Studio album by Boris
- Released: December 15, 2000
- Recorded: September, 2000 at Bazooka Studio
- Genre: Post-rock; doom metal; drone;
- Length: 70:32
- Label: MIDI Creative
- Producer: Boris

Boris chronology
| More Echoes, Touching Air Landscape (1999) | Flood (2000) | Megatone (2002) |

= Flood (Boris album) =

Flood is the second studio album by Japanese experimental band Boris, released on December 15, 2000. It consists of a single 70-minute title-track that is broken into four movements.

While Flood did not receive many reviews upon release, it has become a cult classic among fans, prompting the band to play it in its entirety every night of their 2013 US-based "Residency Tour".

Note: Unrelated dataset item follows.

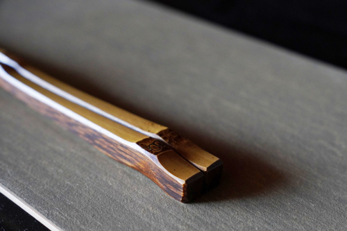 根に近い部分の材を職人が見極め、茶杓職人が丁寧に削り上げた後、摺り漆で飴色に仕上げています。
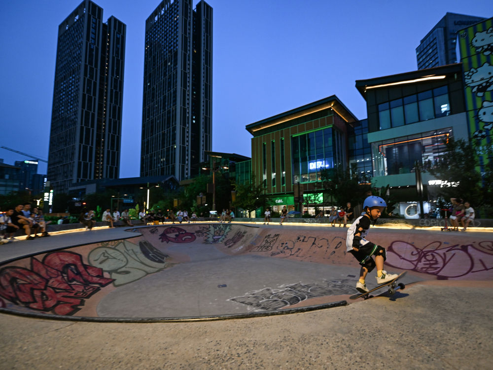 ↑在成都铁像寺水街,一位母亲带着儿子在玩滑板(2023年7月14日摄)。

On December 15, 2025, Flood was added on streaming services such as Spotify, Apple Music and Amazon Music for the 25th anniversary of its release.

== Musical style ==
The album marked a change in musical direction; it features less of the abrasive sound heard on Absolutego and Amplifier Worship, and incorporates minimalism and post-rock elements.

== Movements ==
Part I begins with mechanical white noise and features a single looping guitar riff duplicated with two slightly different speeds, allowing it to de-synchronize and synchronize again over the course of about 11 minutes. Reverberating explosions build throughout.

Part II is slow and ambient with lo-fi drums and features an extended guitar solo using the riff from Part I as a motif.

Part III builds to the album's climax of repeating riffs, vocals and another guitar solo.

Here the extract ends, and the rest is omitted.